__Task directions__.
Where pictures appear, omit them, and copy exactly only the lines from the start of the listing through the line containing "Переходник Borofone DH2", both included.

═══ Data

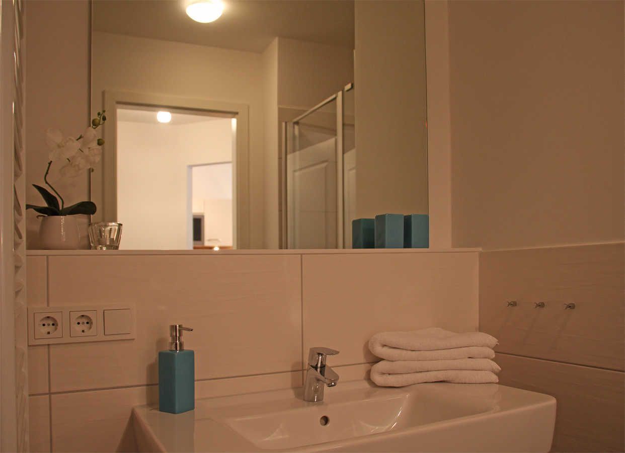 Die Wohnung ist bequem mit dem Fahrstuhl erreichbar; die Dusche im Bad ist ebenerdig.
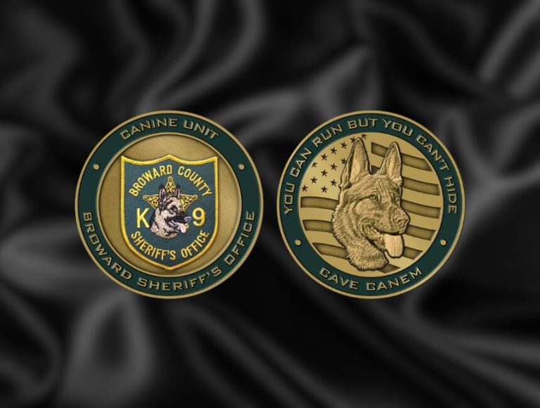 K9 Challenge Coins honor the dedication and bravery of K9 officers and their loyal partners. They celebrate the critical role of K9 teams in law enforcement and recognize their exceptional service. These coins symbolize the bond between officers and their dogs.
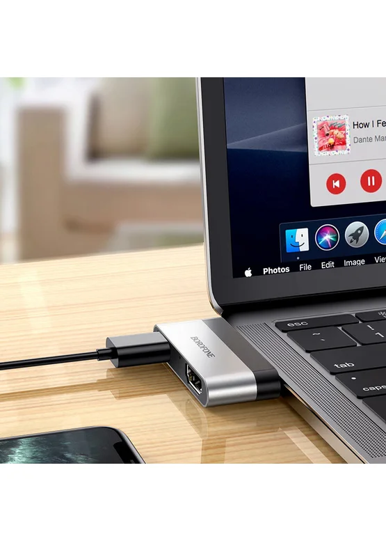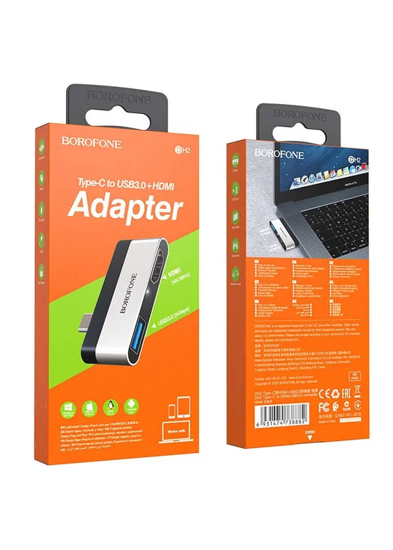 Переходник Borofone DH2 Type-C to HDMI+USB3.0 Серебряный / Черный
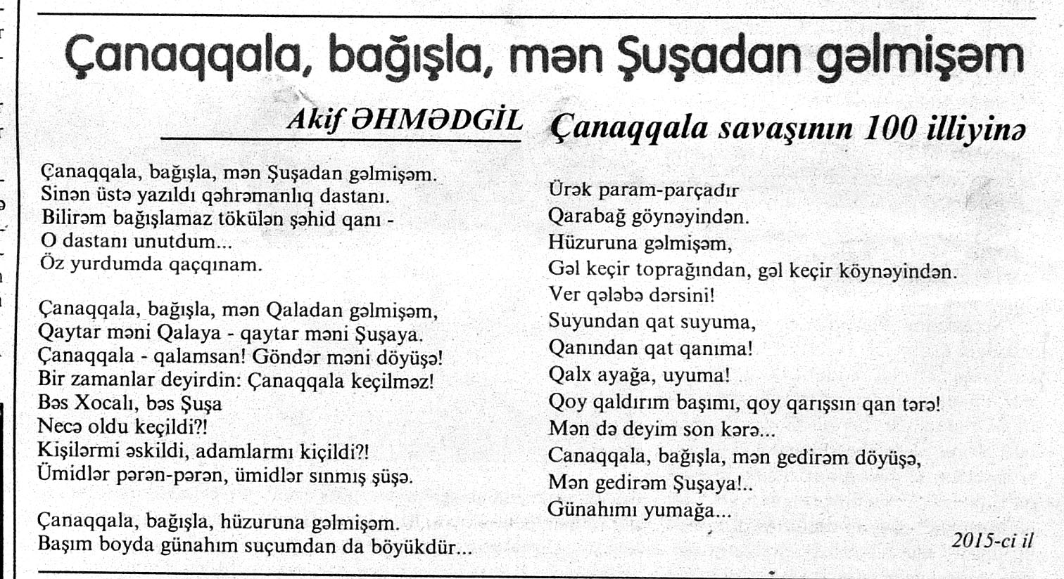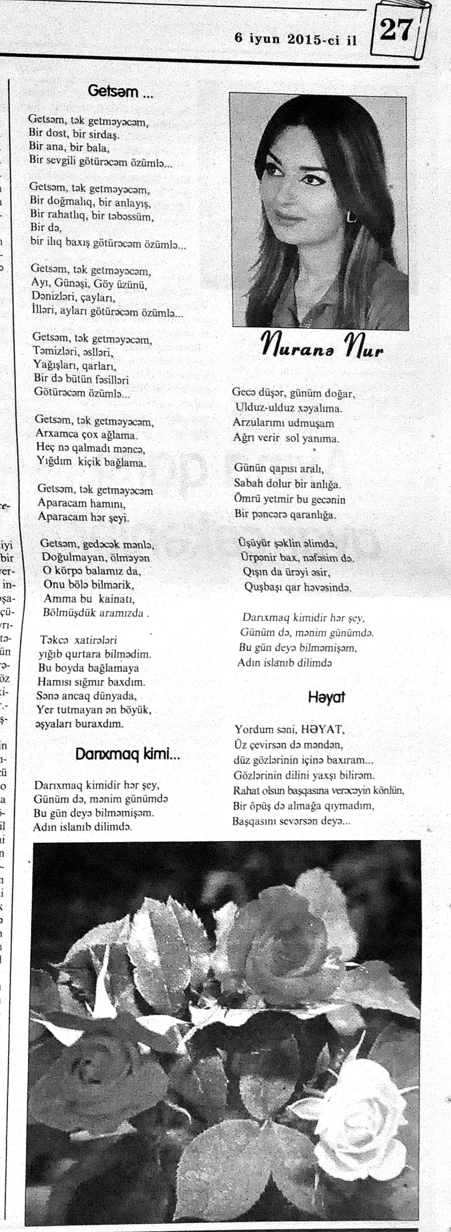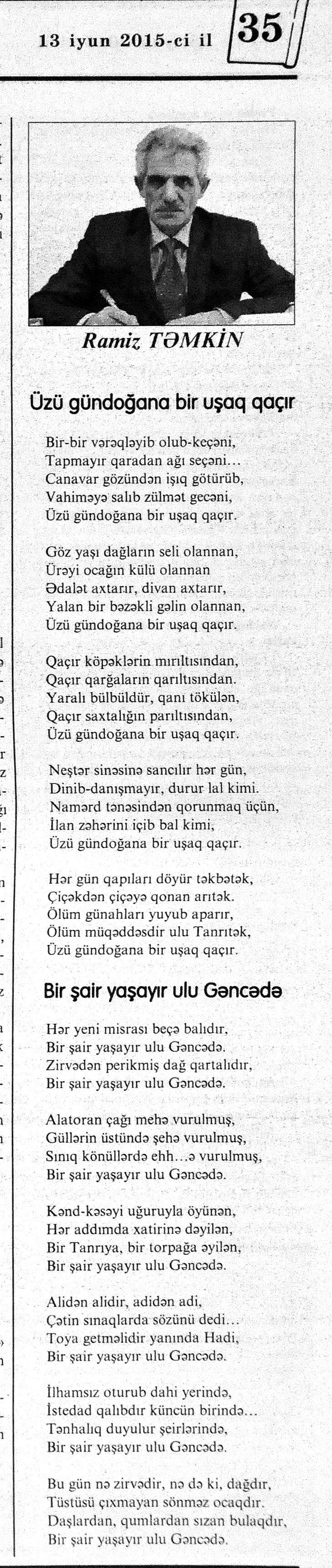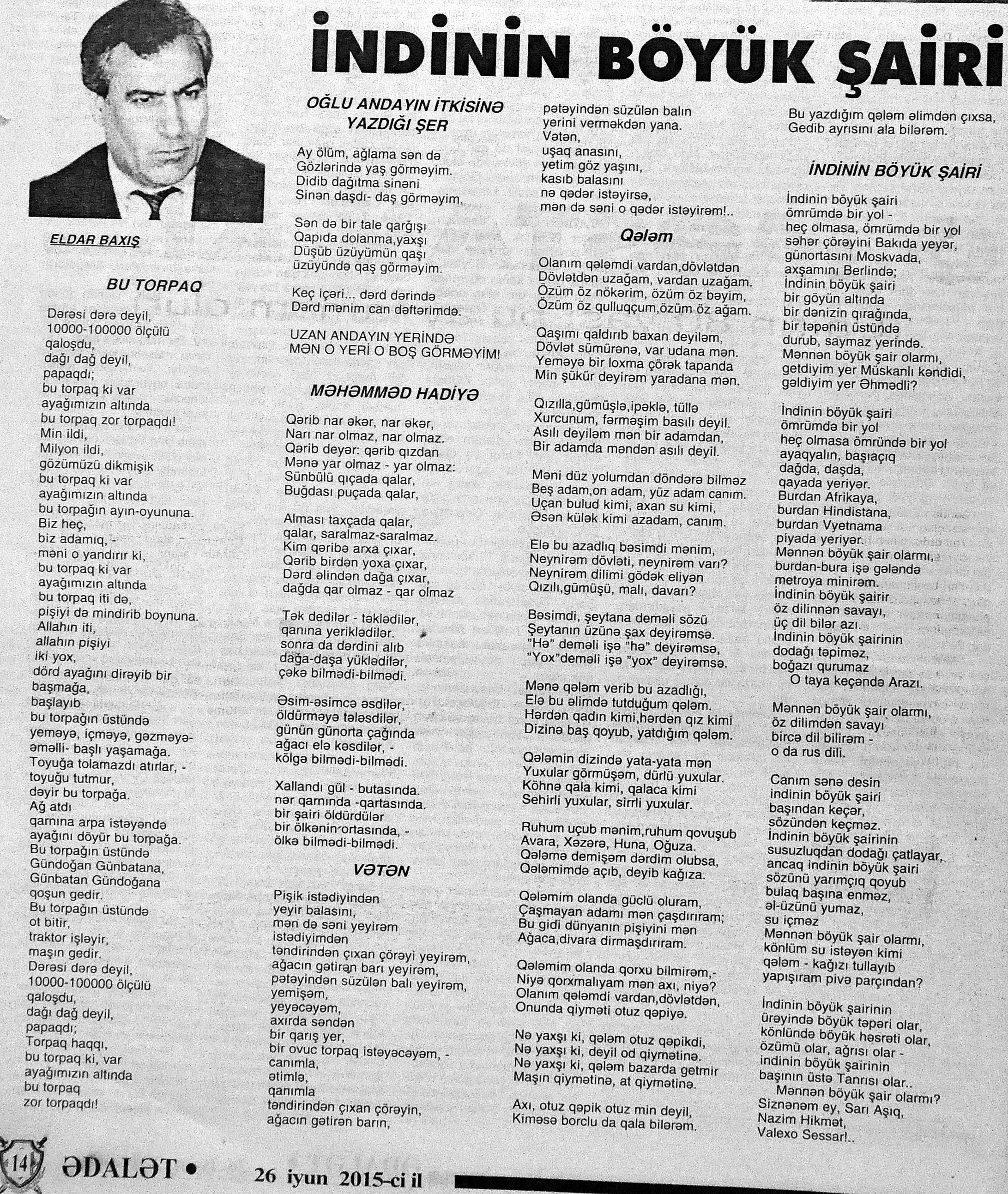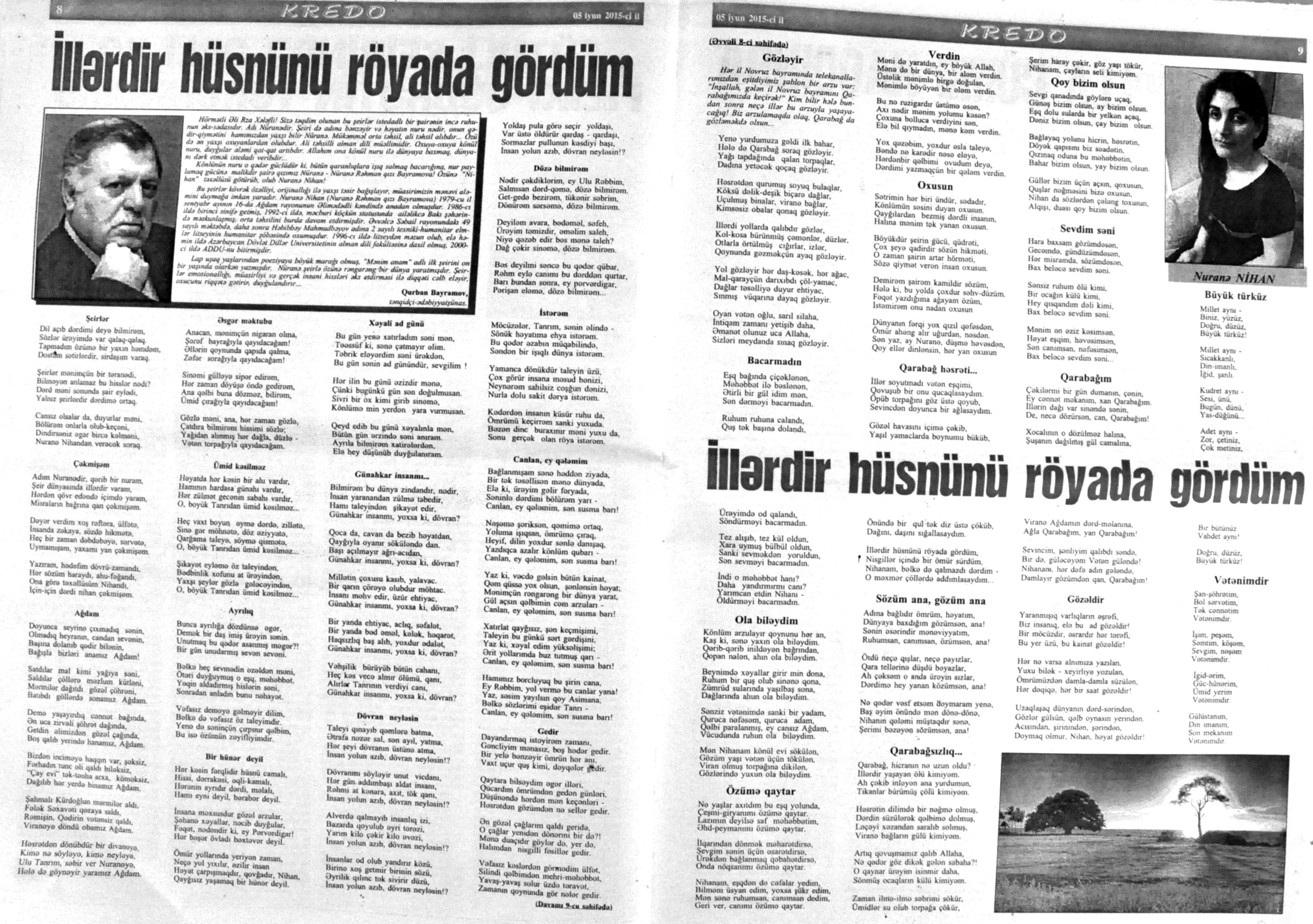 426. Abuzərli, N. Fateh-Sultan Dastanı və ya ürəkdən doğulanlar //Kredo.- 2015.- 19 iyun.- S.7. 427. Amin, A. Dünyanın hər yeri yarış yeridi...; Dilim açar imiş...; Biri tapar, biri itirər məni... və s. //Ədəbiyyat qəzeti.- 2015.- 6 iyun.- S.23. 428. Anar. Vaqifin Vaqifsiz ilk doğum günü: [Vaqif Səmədoğluna həsr olunub] //525-ci qəzet.- 2015.- 4 iyun.- S.7. 429. Asena, N. Xoş gəlmisən, Sən ömrümə 60 yaşım //Ədalət.- 2015.- 9 iyun.- S.8. 430. Aslan, M. Son nazlama; Kənardan baxana döyüş asan gələr; Qazi Gülxanə paşa və s. //525-ci qəzet.- 2015.- 6 iyun.- S.29. 431. Aslan, V. “Kəndin payızı” silsiləsindənı; Söz; Bir ürəyin iki üzü //525-ci qəzet.- 2015.- 20 iyun.- S.29. 432. Baxış, E. İndinin böyük şairi: Bu torpaq; Oğlu Andayın itkisinə yazdığı şeir; Məhəmməd Hadiyə və s. //Ədalət.- 2015.- 26 iyun.- S.14. 433. Behrudi, R. Qorxu, və yaxud görən niyə susub Allah; Qorxu; Xarabalıq və s. //Azadlıq.- 2015.- 30 iyun.- S.13. 434. Bəhmənli, V. İyirmi beş şeir: Bəxt; Rübai-Qoşma; Bir xatirə və s. //Azərbaycan : jurnal.- 2015.- №1.- S.7-29. 435. Borçalı, E. Səksənə doğru; Al! – dedi, çal! – dedi...; Bu gecə və s. //Ədəbiyyat qəzeti.- 2015.- 13 iyun.- S.44. 436. Cavanşir. Tənhayam bu tutqun payız axşamı; Ölüm nə, itim nə, bilməyəcəkdin...; Mən hər şeyə ağlayıram və s. //Ədəbiyyat qəzeti.- 2015.- 13 iyun.- S.13. 437. Çalğın, M. Bir polis dostu da olmadı anamın...; Təbriz qızarır uzaqlardan...; Dərd şirin... və s. //525-ci qəzet.- 2015.- 10 iyun.- S.8. 438. Çalğın, M. Xına gözlərində...; Kainatda təkrar yox...; Yellərin dodaqlarına kəpənəklərin qanadlarından... //Ədəbiyyat qəzeti.- 2015.- 13 iyun.- S.8. 439. Çərkəzoğlu. Söz //Ədalət.- 2015.- 11 iyun.- S.6. 440. Eyvazlı, G. Qaçdıq //Azərbaycan müəllimi.- 2015.- 13 iyun.- S.12. 441. Əhmədgil, A. Çanaqqala, bağışla, mən Şuşadan gəlmişəm: Çanaqqala savaşının 100 illiyinə //Ədəbiyyat qəzeti.- 2015.- 6 iyun.- S.32. 442. Ələkbərli, M. Dünya bir nəğmədir...: İstedadlı şair dostum Yusif Nəğməkarın 60 illik yubileyi münasibətilə //525-ci qəzet.- 2015.- 26 iyun.- S. 29. 443. Ələmoğlu, F. Gözün aydın Heydər Baba! //Azad Azərbaycan.- 2015.- 17 iyun.- S.7. 444. Əli, H. Demirəm; Neyləmək?!; Axırda və s. //Kredo.- 2015.- 5 iyun.- S.11. 445. Əlioğlu, Ə. Boşalan kəndə; Bu altmış yaş ki var...; Bircə anda və s. //Ədəbiyyat qəzeti.- 2015.- 13 iyun.- S.29. 446. Əsəd, F. Xatirə toranlığı...; Ömür deyilən çiçəkmiş...; Mən gedirəm sən də gəl... və s. //Azərbaycan: jurnal.- 2015.- №2.- S.97-99. 447. Əzimov, Ə. Ürəyim döyünür qəfəs içində: Şair olmaq qorxusu; “Yaz yağışları” silsiləsindən; Sözün rəngi və s. //Kredo.- 2015.- 19 iyun.- S.15. 448. Əziz, M. Ana, bizə indən belə gərəksən; Anam xəstələnib; Ana və s. //Ədalət.- 2015.- 4 iyun.- S.7. 449. Əzizxanlı, Q. Çanaqqala etüdləri //Kaspi.- 2015.- 6-8 iyun.- S.24. 450. Fikrət Sadıqın şeirləri: Vətəni tanımadım; Bilik üstə; Keşgə və s. //Kredo.- 2015.- 19 iyun.- S.8. 451. Göyçəli, M. Oğlum; Bu səs; Səbrinizə qurban olum və s. //Ədəbiyyat qəzeti.- 2015.- 13 iyun.- S.34. 452. Gülayə. Gəldim; Yarası ağrayır şeir balamın; Torpağın üstündə bir şeir gəzir //Kaspi.- 2015.-20-22 iyun.- S.24. 453. Gültac, N. Yük; ölüm ayrılıq deyil...; Dəsmal və s. //Azərbaycan: jurnal.- 2015.- № 3.- S.130-131. 454. Gün, N. Yol gedirəm; Döydüm qapını; Fırlanğıc //Kaspi.- 2015.- 6-8 iyun.- S.18. 455. Hacıheydərli, N. Yarandın: (Mübariz İbrahimov üçün) //Olaylar.- 2015.- 19 iyun.- S.15. 456. Herisçi, H. Tərsa qızı; Suiti; Edison lampası və s. //Azərbaycan: jurnal.- 2015.- №2.- S.53-62. 457. Həbiboğlu, A. Adını bilmədiyim şeir və ya “L” əfsanəsi; Qonaq //Ədəbiyyat qəzeti.- 2015.- 13 iyun.- S.25. 458. Həsənqulu, K. Qlobusun göz yaşları; Kiçik formatda küçə; Qarğa səsləri və s. //Azərbaycan: jurnal.- 2015.- №2.- S.144-153. 459. Həsənli, G. Daş; Dünya; Axtarır //Kaspi.- 2015.- 6-8 iyun.- S.18. //Kaspi.- 2015.- 6-8 iyun.- S.18. 460. Həsənzadə, F. Dostum; Yandır yağışı; Hərdən səni istəyirəm və s. //Azərbaycan: jurnal.- 2015.- №3.- S.143-146. 461. Həsrət, Ə. Səni yaralı sevdim; Görək kim gözəl ayrılır; Dünyanın düzəlmək təhlükəsi var və s. //Azərbaycan: jurnal.- 2015.- № 2. - S.154-156. 462. Horovlu, Ş. Bilirəm, gəlməzsən...; Gedən adam; Özümlə görüşə bilsəm... və s. //525-ci qəzet.- 2015.- 4 iyun.- S.7. 463. Hüseyn, F. Anlayıram; 25 yaşın şeiri; İstanbul gecəsinə və s. //Kaspi.- 2015.- 6-8 iyun.- S.10. 464. Xanəmir. İbn arabi həzrətlərinə; Mənə soyuq qalacaq //Ədəbiyyat qəzeti.- 2015.- 13 iyun.- S.8. 465. İsrafilqızı, N. Nar giləsi, nar dənəsi, Azərbaycan təntənəsi //Ədalət.- 2015.- 26 iyun.- S.6. 466. Kərimi, G. Qar gəlir; Göyərçin; Zəminxarə və s. //Azərbaycan: jurnal.- 2015.- № 3.- S. 158-161. 467. Qafarlı, Z. Yaşadım: Verdin; Böyründə üşüyürəm və s. //Azərbaycan : jurnal.- 2015.- №1.- S.122-126. 468. Qarabulaq, H. Günahsız ölüm - gözəl...: Dünya və biz; Ölümlərin içində; Dünyanın axırı və s. //Kredo.- 2015.- 26 iyun.- S.11. 469. Qaraçaylı, Q. Çiynimə düşən yarpaq; Məni çəkmə, ay rəssam qız; Sevdim səni və s. //Ədəbiyyat qəzeti.- 2015.- 6 iyun.- S.13. 470. Qaraişıq, R. Sevgili dostum; Bilmədim; Ad günüm və s. //Kaspi.- 2015.- 13-16 iyun.- S.20. 471. Qəhrəman, İ. Səni sevmək; Kim halından halı bilər...; Qürur və s. //Azərbaycan: jurnal.- 2015.- № 2.- S. 92-96. 472. Qoca Zadə, B. Səni sevmək günahımdır: Qarabağım yenə ürək dağlayır; Düşman tökür bombaları...; Qayıt mənə və s. //Ədalət.- 2015.- 5 iyun.- S.7. 473. Qurbanov, S. Yeridi; Başladı; Ağ

══════

__Task result__.
 Die Wohnung ist bequem mit dem Fahrstuhl erreichbar; die Dusche im Bad ist ebenerdig.
 K9 Challenge Coins honor the dedication and bravery of K9 officers and their loyal partners. They celebrate the critical role of K9 teams in law enforcement and recognize their exceptional service. These coins symbolize the bond between officers and their dogs.
 Переходник Borofone DH2 Type-C to HDMI+USB3.0 Серебряный / Черный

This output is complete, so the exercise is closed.